Material for the task:
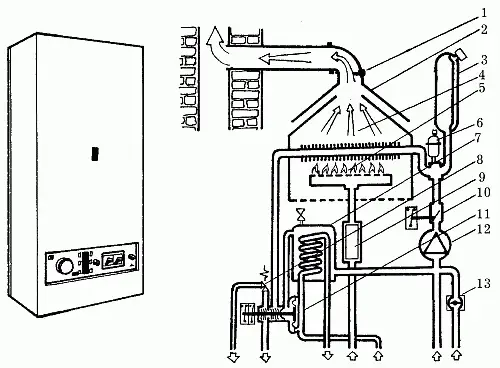 Wall-mounted and floor-standing boilers have a decent alternative - a wall-mounted gas boiler. Unlike its peers, this boiler does not require a chimney or high installation costs. This energy-independent heat generator is designed for autonomous heating and hot water supply in small apartments. The maximum power of such units is 16 kW (a typical installation manual for this type of boiler and its device are provided below).
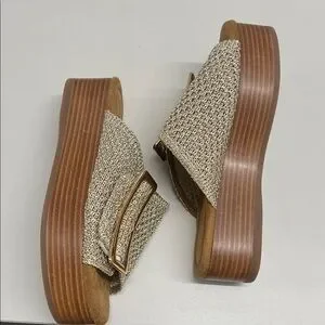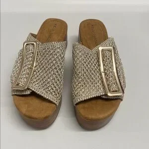Elegant gold mules with a stylish buckle. Perfect for casual outings.
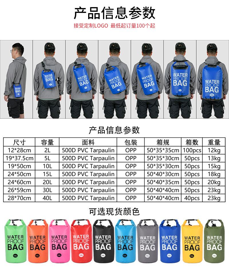 Deportes transfronterizos al aire libre suministros junto al mar materiales de buceo Bolsa de cubo impermeable de PVC para playa surf deriva natación bolsa impermeable
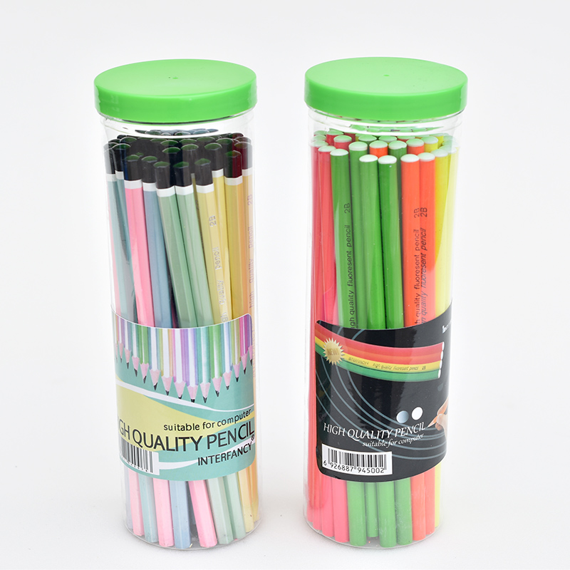 原装2B铅笔48支桶装六角杆圆杆木杆学生书写绘图绘画考试铅笔
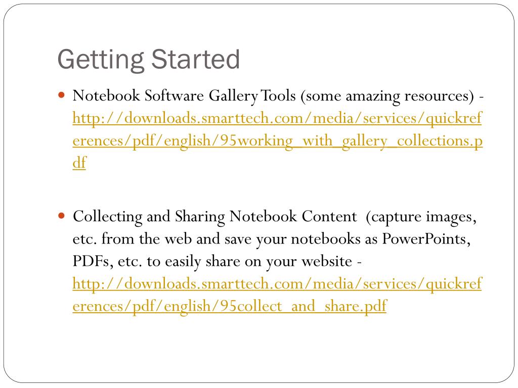 Getting Started • Notebook Software Gallery Tools (some amazing resources) - http://downloads.smarttech.com/media/services/quickreferences/pdf/english/95working_with_gallery_collections.pdf • Collecting and Sharing Notebook Content (capture images, etc. from the web and save your notebooks as PowerPoints, PDFs, etc. to easily share on your website - http://downloads.smarttech.com/media/services/quickreferences/pdf/english/95collect_and_share.pdf
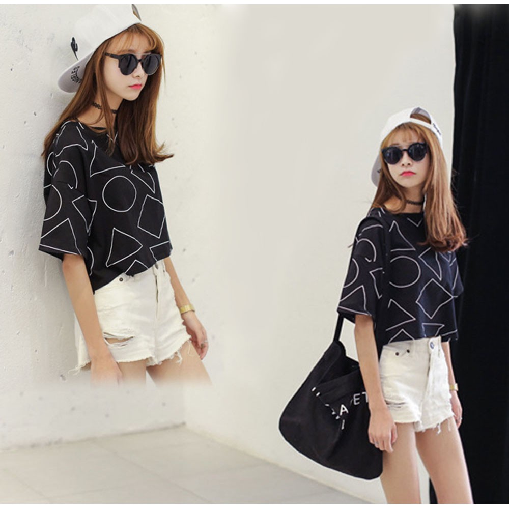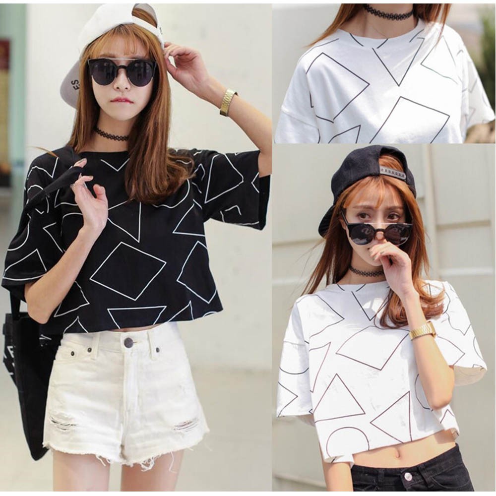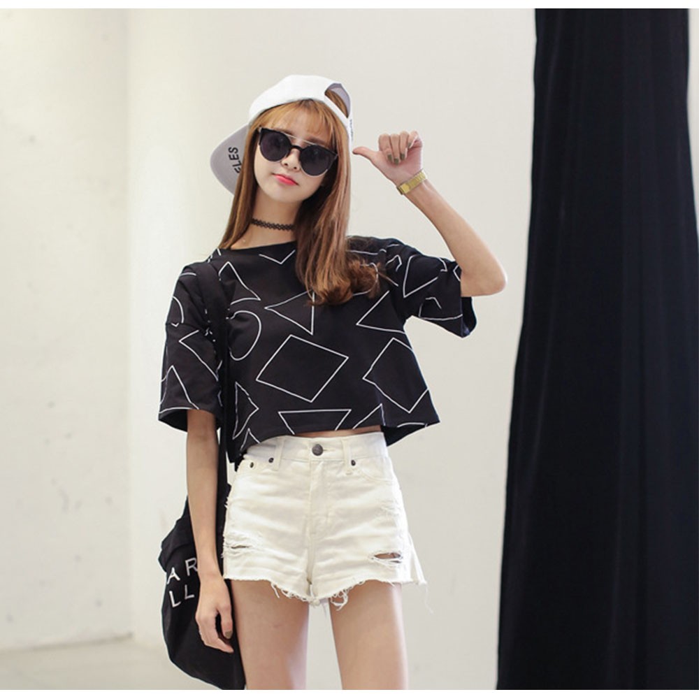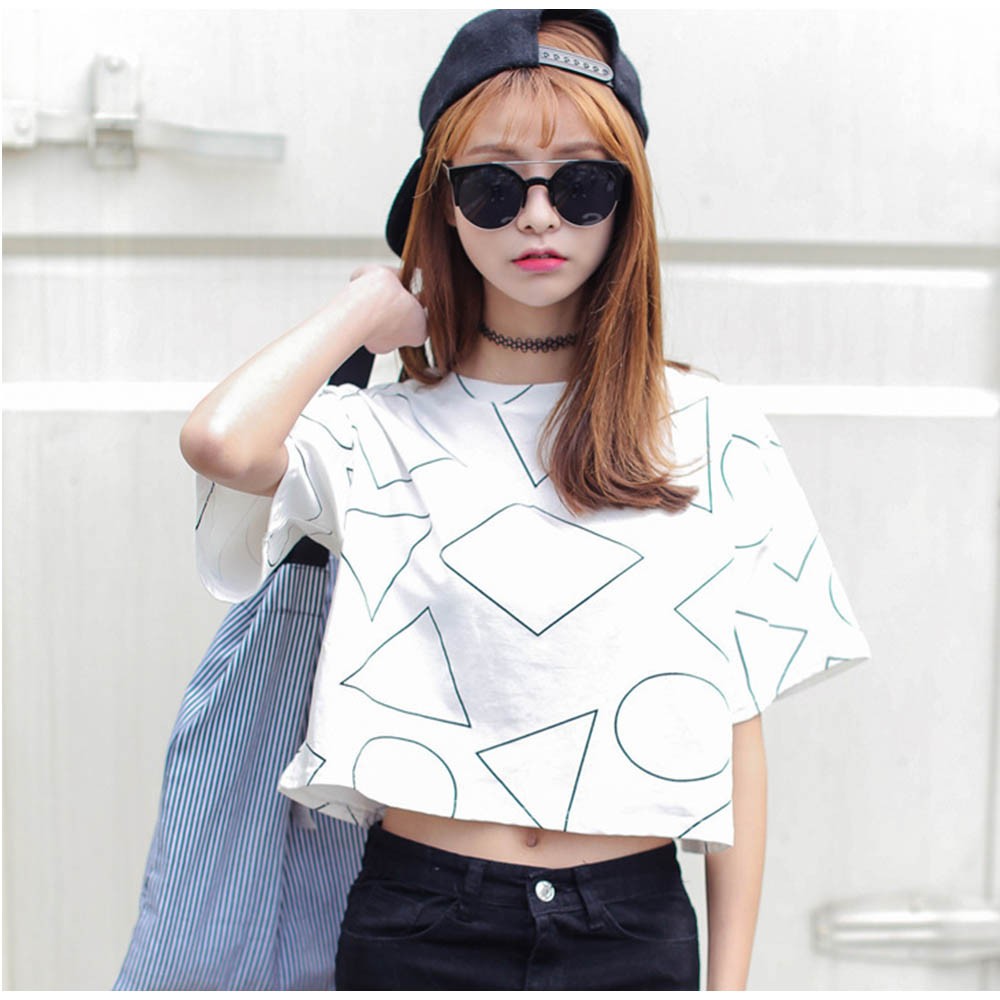 ヘルシーな肌見せを叶えてくれるへそ出しスタイルのショート丈柄tシャツ

Action item:
Nothing but the lines from the one containing "原装2B铅笔48支桶装六角杆圆杆木杆学生书写绘图绘画考试铅笔" through the last line of the material may appear in the answer, transcribed exactly and with no pictures.

Your response:
 原装2B铅笔48支桶装六角杆圆杆木杆学生书写绘图绘画考试铅笔
 Getting Started • Notebook Software Gallery Tools (some amazing resources) - http://downloads.smarttech.com/media/services/quickreferences/pdf/english/95working_with_gallery_collections.pdf • Collecting and Sharing Notebook Content (capture images, etc. from the web and save your notebooks as PowerPoints, PDFs, etc. to easily share on your website - http://downloads.smarttech.com/media/services/quickreferences/pdf/english/95collect_and_share.pdf
 ヘルシーな肌見せを叶えてくれるへそ出しスタイルのショート丈柄tシャツ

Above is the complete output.